„Nie jest łatwo tak od razu oswoić się z dziwnym światem Mocka, śledzić jego wędrówki po burdelach, zadymionych kafejkach i podejrzanych dzielnicach Wrocławia. Ale ta podróż szybko zaczyna wciągać” - pisze Gerard Meudal w „Le Monde”. Francuski krytyk literacki recenzuje w ten sposób wydaną właśnie we Francji powieść Marka Krajewskiego „Widma w mieście Breslau”.

Meudal skupia się na fascynującej postaci inspektora Eberharda Mocka - „prześladowanego przez swoje obsesje i mającego upodobanie do nauk klasycznych” - którego uważa za: „bratnią duszę Franza Biberkopfa, bohatera „Berlin Alexanderplatz” Alfreda Doeblina”, a mroczną atmosferę obydwu powieści za  pokrewną.
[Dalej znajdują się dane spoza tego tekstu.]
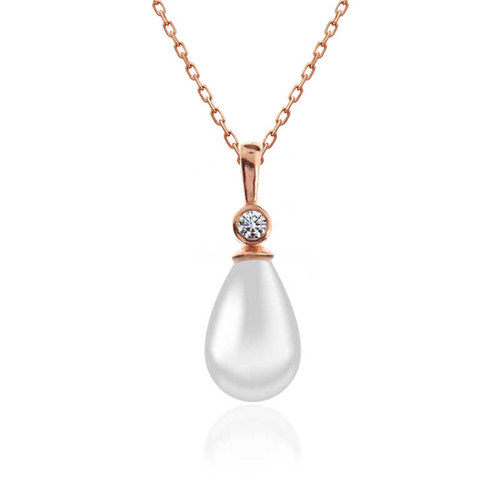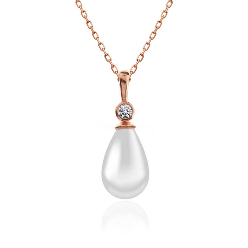 Silver Rose Drop Pearl Women's Necklace Pearl symbolizes simplicity and humility. Although it looks plain, it actually means being very precious. Pearl is the best way to express your love and feelings for your lover. It is the symbol of shine, light, enlightenment and hope. How about making your feelings felt on the skin of the woman you love with the silver drop pearl women's necklace, which every woman should have among her accessories and which will never go out of style... It is made of 925 sterling silver. Rose plated on silver. Rose plated silver pearl necklaces preserve their shine for a long time and delay oxidation. The stone on it is a cultured pearl. The average chain length is 45 cm. All of our products are handmade. Due to silver and precious stones, there may be ± 10% deviation in the average product weight. Width: 0.60 cm. Length: 1.50 cm. Average Weight: 1.40 gr.

”Widma w mieście Breslau” są pierwszą polska książką wydaną w znanej francuskiej „czarnej serii” wydawnictwa Gallimard i jak zauważa „Le Monde”: „do światowego atlasu literatury policyjnej trzeba będzie dodać i Polskę”.

Gerard Medal przypomina jednocześnie, że drugi tom poświęconej Breslau tetralogii policyjnej Marka Krajewskiego dzieje się w czasach rozwoju niemieckiego nazizmu.
„Oby powieść jak najszybciej przetłumaczono na francuski!” dodaje krytyk „Le Monde”.

Le Monde/I.J..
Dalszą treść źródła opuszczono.